«Roma. Sono le «deforme costituzionali».

Il segno del «tratto autoritario del premier che dice “dopo di me il diluvio” invocando il plebiscito, ma il diluvio non ci sarà». E ancora: «È truffaldino che il governo sostenga di farsi promotore di un referendum che è oppositivo per trasformarlo in un plebiscito su Renzi». Sono le parole d’ordine con cui il “comitato del no” alla riforma costituzionale, lancia la battaglia per il referendum. Presidente è il costituzionalista Alessandro Pace. “En plein” di giuristi e intellettuali, quelli che una volta il premier definì i “professoroni”, e ora “i gufi”, da Stefano Rodotà a Gustavo Zagrebelsky, Lorenza Carlassare, Felice Besostri, Domenico Gallo, Gaetano Azzariti, Gianni Ferrara, e che ora si trascinano dietro una folla di adesioni al comitato, al punto che non basta ieri la prima sala messa a disposizione dalla presidente della Camera, Laura Boldrini, ma occorre spostarsi tutti nella più grande auletta dei gruppi parlamentari. E fuori resta la fila.
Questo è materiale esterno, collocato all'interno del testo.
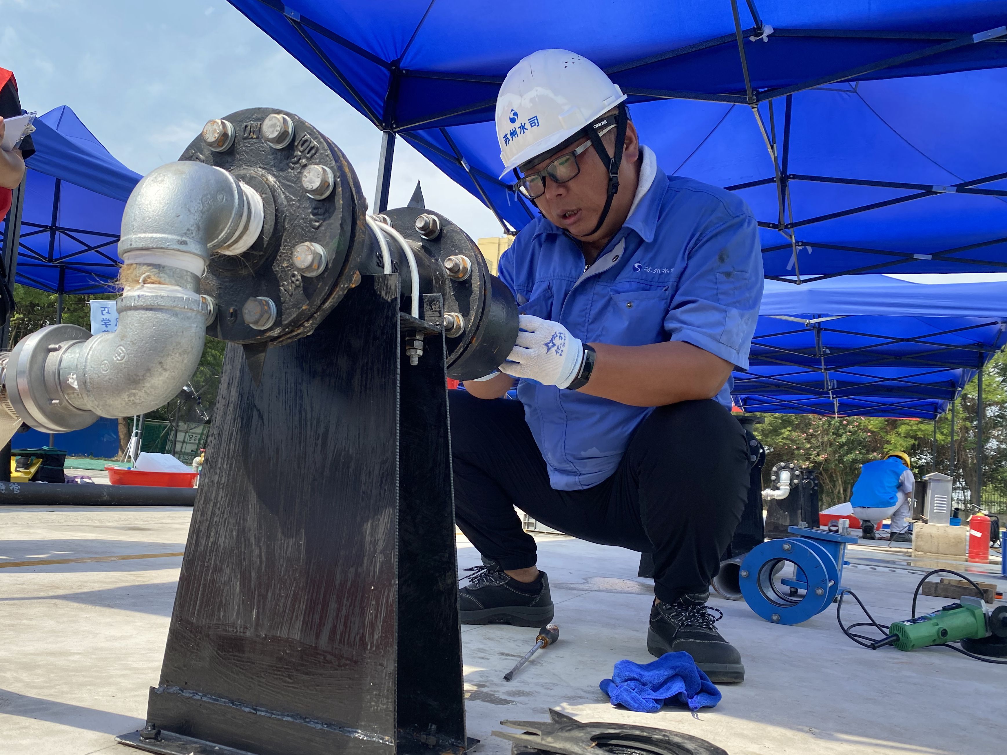 7月15日,2022年度全省百萬城鄉(xiāng)建設職工職業(yè)技能競賽水務行業(yè)供水管道工蘇州地區(qū)選拔賽在蘇州市自來水有限公司售水分公司順利舉行。本次開幕式由蘇州市供排水管理處劉錦星處長主持,蘇州市水務局工會聯(lián)合會主席陳鵲輝、蘇州市水務局水資源和供水處處長巫華等多位領導蒞臨指導,蘇州水務集團黨委委員、紀委書記、工會聯(lián)合會主席吳文勝,蘇州市自來水有限公司黨委班子到會出席。

Ma soprattutto è un fronte per il referendum del tutto inedito, che vede accanto gli anti berlusconiani e i berlusconiani, perché va dalla Sinistra di Vendola e Fassina alla Lega, dai grillini a Forza Italia appunto. La mobilitazione è già partita. Il referendum, che formalmente sarà indetto subito dopo l’ok definitivo alla seconda lettura della riforma, quindi non prima di aprile, ha già i numeri. Sono infatti 126 le firme di parlamentari – spiega Alfiero Grandi che coordina la prima volta del comitato – dopo avere letto il messaggio di adesione “esterna” del M5Stelle e avere conteggiato “Possibile” di Civati. La «quota» per il referendum insomma c’è. Del resto nell’aula della Camera Mariastella Gelmini prende l’impegno per conto di Berlusconi: «Sosterremo i comitati per il no al referendum, per mandare a casa Renzi». I parlamentari di Sinistra Italiana sono invece presenti alla riunione, capitanati da Scotto, D’Attorre, Fratoianni, De Petris, prima di allontanarsi per votare contro la riforma costituzionale. Perché la riunione del “comitato del no” è convocata in contemporanea all’ultimo atto della prima lettura della riforma.
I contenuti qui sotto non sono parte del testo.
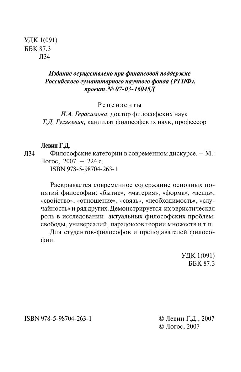 Раскрывается современное содержание основных понятий философии: «бытие», «материя», «форма», «вещь», «свойство», «отношение», «связь», «необходимость», «случайность» и ряд других. Демонстрируется их эвристическая роль в исследовании актуальных философских проблем: свободы, универсалий, парадоксов теории множеств и т.п. Для студентов-философов и преподавателей философии.

Scranni affollati da giuristi come Raniero La Valle e da politici, appunto. Si rivedono Tonino Di Pietro, che parla di «nucleo neo piduista del sistema che Renzi sta attuando», Falomi, Vincenzo Vita, Pancho Pardi, Antonino Ingroia, Cesare Salvi. Anche Paolo Cirino Pomicino, che promette di portare un gruppetto di supporter. C’è il segretario della Fiom, Maurizio Landini che ha una speranza: «La Cgil sta decidendo come schierarsi, spero stia da questa parte, perché la riforma di Renzi riduce gli spazi di democrazia». «Non è tempo di fare gli schizzinosi rispetto alle adesioni, ma di battersi per non fare passare la riforma», spiega Sandra Bonsanti a proposito della carovana referendaria. Incalza Rodotà: «Non proprio un ricatto da Renzi ma si esprime come i monarchi… il premier espropria i cittadini, carne da tweet e da slide, è un passo in più verso la democrazia plebiscitaria». Reazione del capogruppo dem, Rosato: «Si compatta un fronte della conservazione Vendola, Brunetta, Grillo» il fronte del no.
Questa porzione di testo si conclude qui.